Williams becomes the focus of this release after that interview. The next feature is a sorta documentary on Williams and his Hollywood career called Hollywood’s Tennessee and The Fugitive Kind, running 27-minutes and featuring historians Robert Bray and R. Barton Palmer, co-authors of the book Hollywood’s Tennessee. It begins with the two, recorded separately, talking about Williams’ early career, his examination of “social ills” and how his plays were accepted. They then get into his desire to have his plays filmed (so that they live on forever) and his move to Hollywood, which was easy since his name had become bankable. It wasn’t exactly all rosy at first starting with the adaptation of The Glass Menagerie, which he considered a laughable disaster, but it improved after that. They cover some of the adaptations, how the films based on his work were able to change the production code, and then focus primarily on The Fugitive Kind. From here they give a brief history of the play it’s based on, first called Battle of Angels which was eventually reworked into the play Orpheus Descending, and then the two get into the mythologies and how they’re presented (or more correctly not presented) in the film. It’s an interesting piece, certainly worth viewing, though I actually wish that they spent as much time on each of the films as they did with The Fugitive Kind, though since this is ultimately the DVD for that film, it isn’t much of a surprise that this is the case.

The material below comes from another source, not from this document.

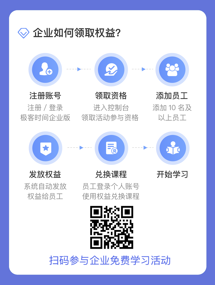 「 极客时间企业版」 最近推出了一个活动,面向企业免费开放全部课程。 企业里的每个技术人,都可以在极客时间上 任意选择三门课程(专栏、视频、微课),免费学习一个月的时间 。

And finally, probably the most intriguing supplement on here (and certainly makes the edition worthwhile) is Three Films by Tennessee Williams, a live television production directed by Lumet in 1958 for the Kraft Television Theatre. The plays included here are Moony’s Kid Don’t Cry starring Ben Gazarra and Lee Grant, The Last of My Solid Gold Watches starring Thomas Chalmers, Gene Saks, and Alonso Bosan, and then This Property is Condemned starring Zina Bethune and Martin Huston. It’s an excellent inclusion and easily the best feature on here, and though I’m still not sure what to make of Gazarra’s performance in the first play (which is really “stagey”) I did enjoy them all. The transfer is so-so since the plays were recorded using the kinescope process, which consists of a film camera recording the production off of a TV monitor. Still, considering this, they do look pretty good. Williams himself does introductions for the plays but I especially liked that Criterion kept the final bit which is an ad for Kraft, claiming that it is better to “buy by brand names.” The feature runs 55-minutes and has been divided into 5 chapters.

The set then comes with a fairly thin booklet featuring an essay by David Thomson that takes a brief look at Williams work overall, the play Orpheus Descending, which is the basis for The Fugitive Kind, but then settles on focusing on some of the more problematic aspects of the production. A decent read but not great. The middle of the booklet then includes a number of production photos.

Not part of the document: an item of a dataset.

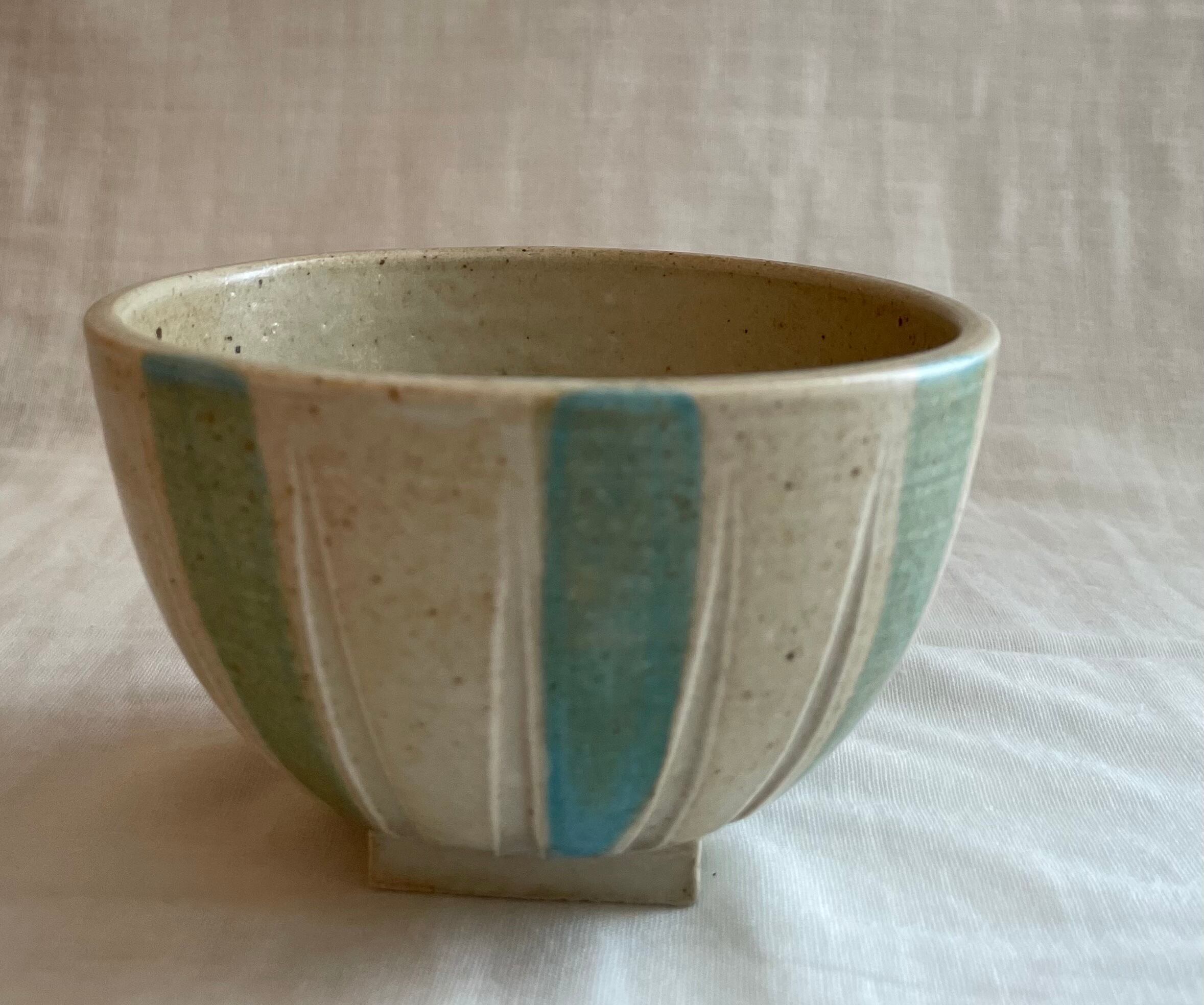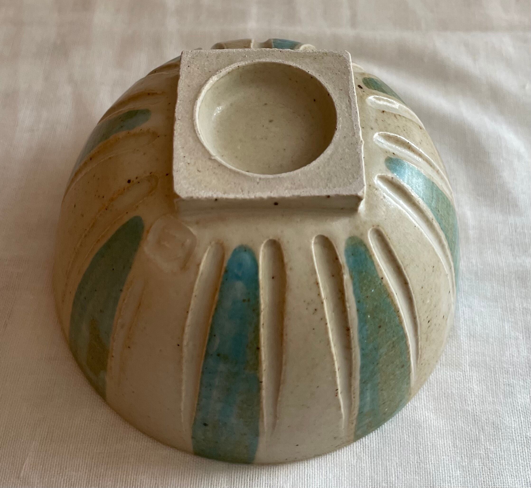 水色のストライプと彫りが入った可愛いボウルになります。こちらは、底が四角で存在感がある商品です。実際のお色になるべく近くなるように調整しておりますが実物は若干、もう少し明るめです。

I’m surprised Criterion didn’t add anything about Brando considering this is their first title featuring him, though maybe they’re saving that for (hopefully) another release. But what we do get here is all pretty good, the three plays being the best and most interesting supplement on here.

7/10

CLOSING

This would have looked great on Blu-ray so it’s disappointing that it’s not receiving a release on the format, but the DVD still comes off looking very strong and it still looks good upscaled. But the features, specifically the TV production, make this a strong edition. Comes with a high recommendation.